玄奘见呾度说起这两个小儿子,面容虽然疲惫而又伤感,情绪却好了许多,不禁心中一宽,正想再说几句宽慰的话,无意中瞥见特勤的脸拉得老长,显然极不满意。
玄奘回过味来,这才意识到自己是在王宫之中,面对的不是普通百姓的人伦之爱。特设有好几个儿子,若是厚此薄彼,只怕会牵涉到宫廷之争,自己一个出家人,这种事情还是不去掺和的好。
想到这里,他双手合什,将话题岔开道:“玄奘此行,要去婆罗门国求法,希望特设能够发放关文,更换马匹。
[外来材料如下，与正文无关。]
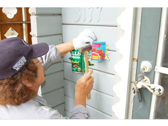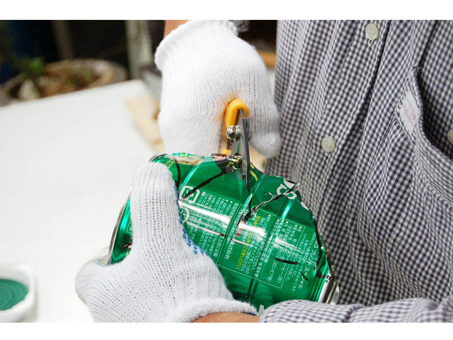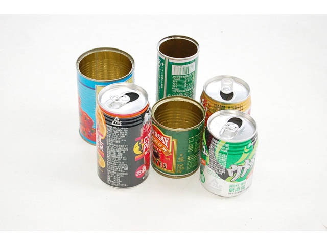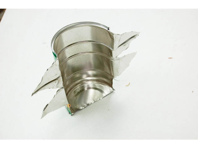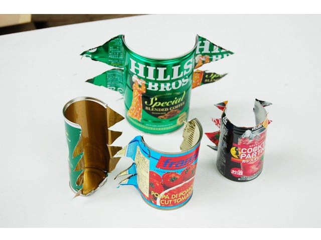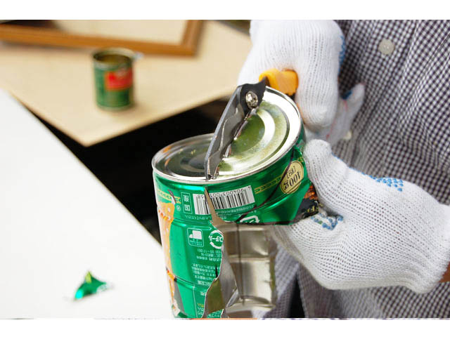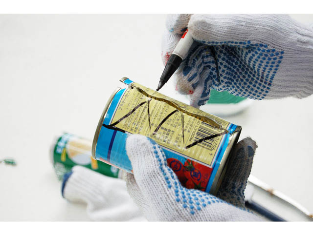 ギザギザに沿って、万能バサミで切ります。 | 缶の底も切ります。 | |

玄奘感激不尽。”
“法师不必那么着急,”呾度设道,“父汗在信中告诉弟子,他很敬重法师,命弟子务必好生供养。说起来,弟子也是与法师有缘,看到法师,便觉眼前一亮,精神振奋,好像见到亲人一般,身体也似乎好了许多,这可真是佛陀的护佑啊!更何况,法师还是文泰兄的义弟,弟子怎能不尽力而为呢?”
“如此,贫僧多谢特设……”
玄奘尚未说完,呾度便摆了摆手,接着说道:“关文马匹的事情,法师就不必操心了,先在敝国多住些日子,待弟子病体康建,再亲自派遣人马送法师到婆罗门国,法师你看如何?”
玄奘怔了一下,知道盛情难却,只得合掌道:“多谢特设美意。既然特设身体有恙,还请好生休养,玄奘告退。”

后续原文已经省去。